Gloria Steinem on Whether It’s Possible to Feel Compassion for Donald Trump

Gloria Steinem. Photo: Jonathan Leibson/Getty Images for Equality Now

You rarely hear the word “compassion” associated with Donald Trump. The former reality star isn’t exactly known for his advocacy work, nor his motivation to go out of his way to help those in pain. But compassion does allow us to understand what makes someone tick, so when we ran into Gloria Steinem along the red carpet of the Equality Now third annual “Make Equality Reality” gala at the Montage Hotel in Los Angeles on Monday, we asked her if it’s possible to imagine, from a compassionate place, what might have made our soon-to-be 45th president into the person he is today.

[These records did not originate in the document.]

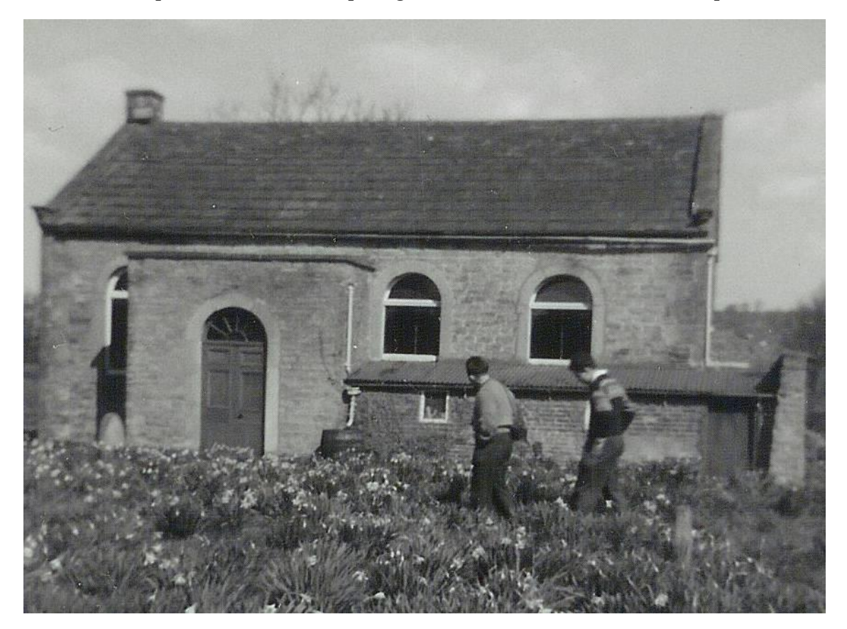
Fig.2 The meeting house before the 1980s refurbishment, showing the modern glazing, the lean-to cloakroom addition and the flat-roofed porch.
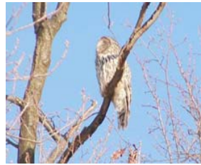
Ural owl ( Strix uralensis )

By adopting an oak, you would help save not only that particular tree, but also the hundreds of different species of plants, birds and animals that live on the Breite plateau.
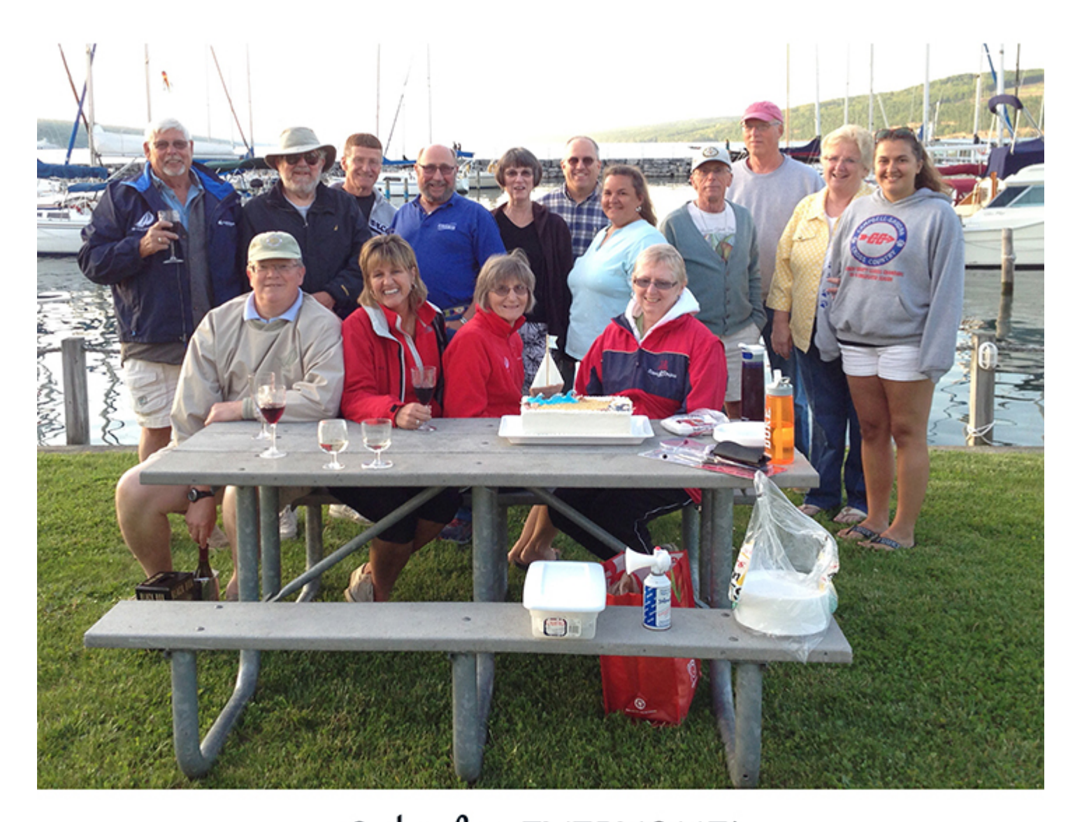
Cake for EVERYONE!

Starting off the sailing season with a Birthday celebration.

“He’s beyond trying to understand or explain. We just have to oppose him,” said Steinem. “This is the first time a bully with no relevant expertise who is supported by the Ku Klux Klan is in power. All these issues that are not majority issues are supporting him and that is all very dangerous.”

Steinem worked for New York Magazine and co-founded Ms., so we asked her how media can ensure balance when covering the news during such unprecedented times.

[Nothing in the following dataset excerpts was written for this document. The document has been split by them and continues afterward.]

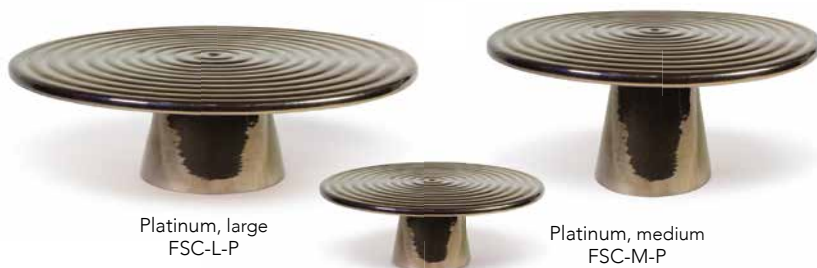
Platinum, large FSC-L-P
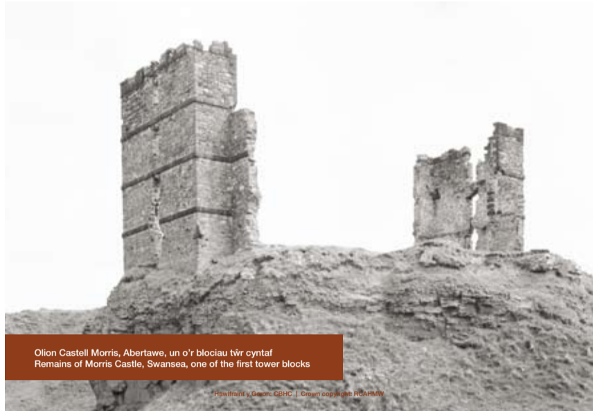
Oilon Castell Morris, Abertawe, un o'r blociau tŵr cyntaf Remains of Morris Castle, Swansea, one of the first tower blocks
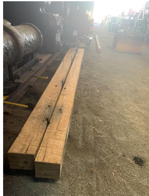
Tallowood milled from Sydney Harbour Bridge Transom Timbers being used in HS36

Open Day this Saturday June 3 rd 10.00 – 3.00 at the Oberon Station Quarterly Meeting Wednesday July 12 th – Oberon RSL 7.30 pm
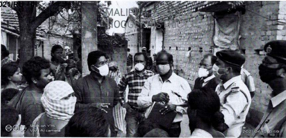
MALIPUR, PIRTOLA, HOOGLY DISTRICT
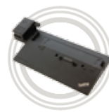
ThinkPad® Professional Backpack
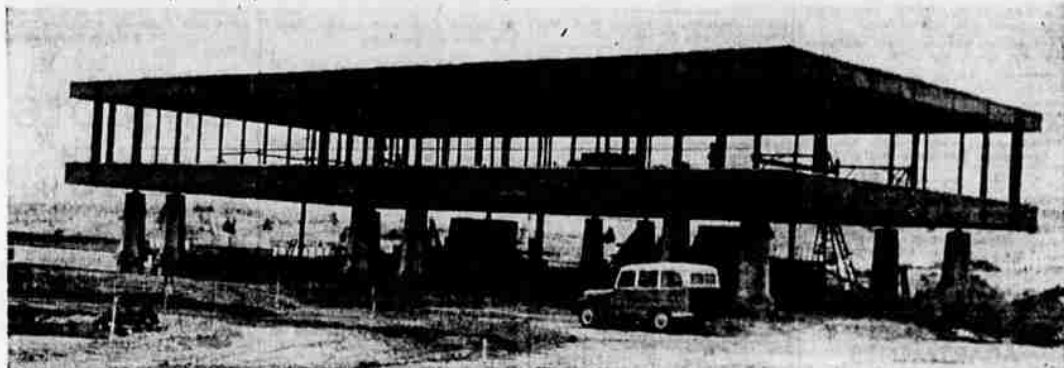
OTI ADMINISTRATION — This building being raised on concrete pedestals will be the administration center of

have already been completed. Near the campus site is the site of the new Intercommunity Presbyterian Hospital. The public will tour the OTI campus site next weekend during Homecoming.
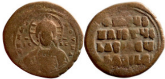
1035 Byzantine Empire coin 32mm 11,59g
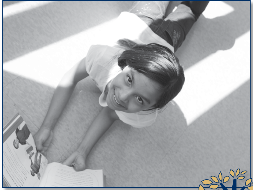
Samiktsha Sapkota Montessori Magnet School
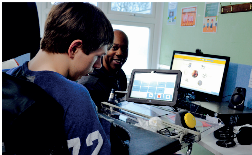
A Charlton Park Academy CENMAC student collaborating with a first year UEL Social Work student on the Multimedia Self-Advocacy Unit. March 2017

Welcome to our new half termly newsletter which we hope will continue to give you lots of practical information around assistive technology and SEN provision and keep you up to date with developments and news. Watch out for our prize draws. In this first edition you could win a 50% discount to upgrade all your InPrint 2 licences!
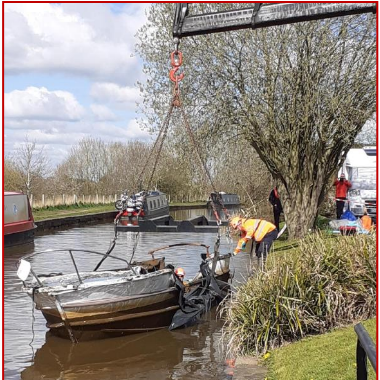
Lifting cradle positioned and attached to the crane

“You don’t have to think about balance if you’re thinking about truth,” said Steinem. “Part of the way we got into this jam is false equivalency. If you ask this person a negative question, you have to ask that person a negative question. So with Hillary Clinton, all of the fact-checking services said she was the most honest candidate in the entire campaign, the most accurate in the entire campaign, and she was then asked as many negative questions as Trump who was the most lying candidate in the campaign. Well, we have to stop doing that. That is false equivalency. It’s not about equivalency, it’s about finding the facts.”

And facts are available, she stressed: “There is an app that points out Trump’s every single economic interest, every single product that you can then boycott,” said Steinem. “He invested in Standing Rock and therefore it’s a conflict of interest.”

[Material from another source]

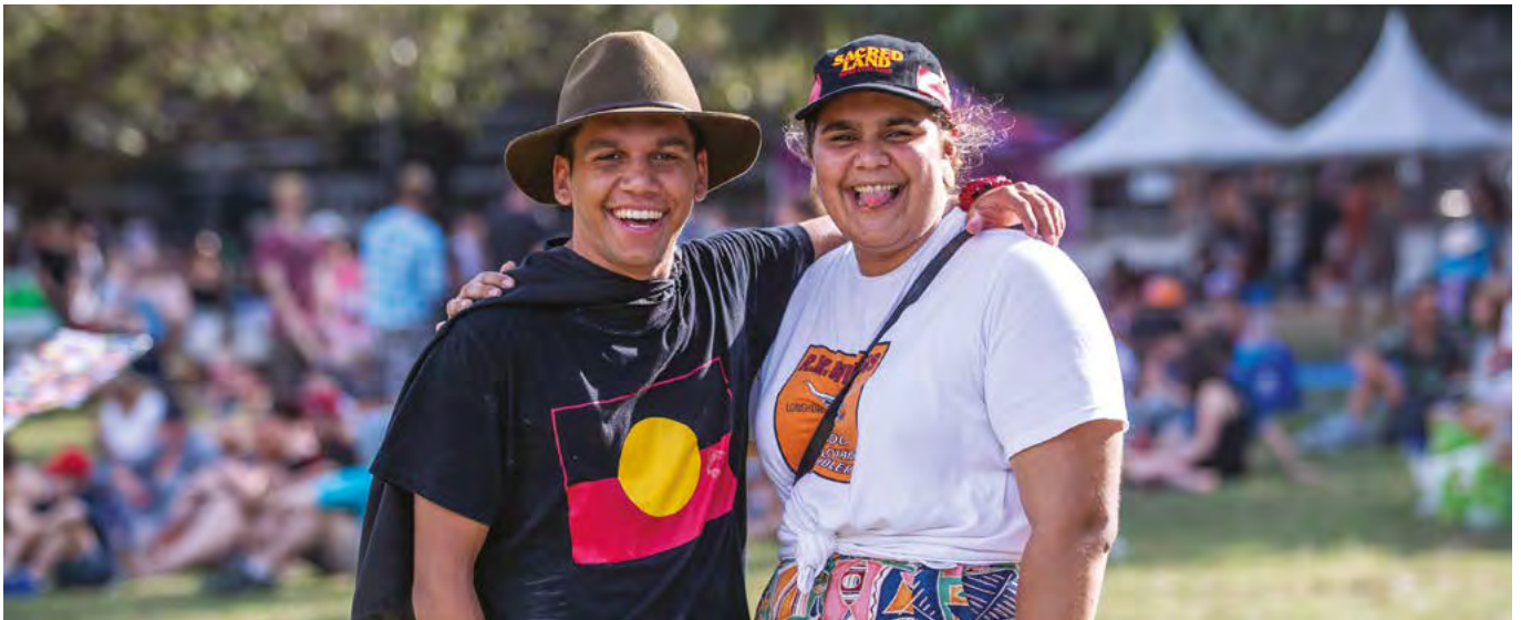
Yabun Festival celebrates Aboriginal and Torres Strait Islander cultures in Australia.

But what about fake news? Steinem, ever grounded, took things back to the individual: “We have to stop looking up, especially with Trump now, and start instead looking at each other,” she said.

The author of, most recently, My Life on the Road, she has a new book coming out just before the inauguration that includes writing on Trump. “I compare him to a schoolyard bully because I think the experience of being bullied helps to explain his emotional impact. Also, it helps to explain why some people, even women, didn’t want to identify with Hillary because they would be bullied, too.”

So if we want to move forward, it’s all about empowering women to seek more positions of power within the tangled political web, right?

“Yes, but not just any woman. I mean, Sarah Palin is not an option, ever.”